The Boroli family already makes wine from two other MGAs, Cerequio and Villero, but they are shared with other growers. The fact that Brunella is a monopole gives it a particular cachet, as there are so few in Barolo.
Giacomo Conterno has the monopole of Cascina Francia, Fratelli Cavallotto has Bricco Boschis, Fontanafredda has Fontanafredda, Bruno Giacosa has Falletto and Ceretto has Bricco Rocche. We could also add Guiseppe Mascarello, who makes wine from the near-entirety of Monprivato.
What happened next
‘Being recognised was simply the first step,’ says Achille. ‘Before this we bottled all the vines from around the farm as our basic Barolo. We now began to separate out the monopole, and start working it differently – more crop thinning, greater selection, more plot by plot work, and in the cellar more small tanks, plus a mix of large oak casks and small barrels’.
What it will mean for the final price is not yet decided, but it is likely to be sold for more than Villero, the current top of the Boroli range that sits at around £45, although Achille points out, ‘there is no historical background to decide the best price. Even when this vineyard was identified on old maps, we don’t believe that it was ever bottled separately’.
Although Brunella Monopole is still two years away from being on the market, we got to taste the 2013 and 2014 vintages at the property.
The results clearly showed the quality of the monopole, but it was striking the gap that it left behind in the 2013 vintage of Boroli Barolo – a hollow in the mid-palate that felt glaringly obvious compared to the 2012. The Brunella cru has a layer of sand below the clay at around 50cm depth, and it contributes to a beautiful perfume, a florality and austerity beyond the grip and power – the roses of nebbiolo on full display.
The 2014 vintage, even though not easy in Piedmont, is an even more intense version of the 2013, with the perfume a marker again. But, I missed it in the entry-level Barolo, which in 2012 had been beautiful.
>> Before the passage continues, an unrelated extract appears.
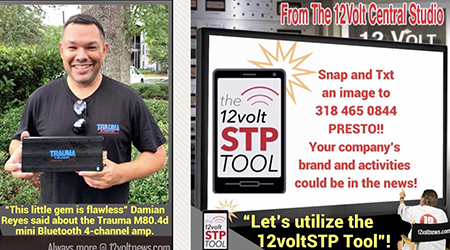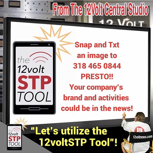 THE 12VOLT CENTRAL STUDIOS (07.08.2021) – The 12volt STP Tool provides a vehicle for members of the 12volt industry to deliver their respective brand’s news and activities to the 12volt industry. With a smartphone it’s as easy as Snapping and Txting the image to 318 465 0844. PRESTO..your company could be in the news.

Achille was quick to point out that the stumble was temporary, and not surprising after losing five hectares of vines to the monopole. ‘By 2014 we had one year’s experience, so knew better how to work the remaining vines for our basic Barolo. This year we also bought an extra four hectares to further improve quality’.
‘But it was worth the learning curve,’ he continues. ‘We invested in Piedmont as wine lovers not experts, and I have spent every day in the vineyard and cellars, learning. I reduced new oak around four years ago across the range, returned to a more traditional style of elegant, precise, terroir-driven Barolo, but it takes time for changes to be recognised. I am fully aware of what an opportunity we now have for Boroli wines to see a wider impact’.
It’s hard to disagree. When it comes to boosts, discovering a monopole in your backyard just might count as a rocket.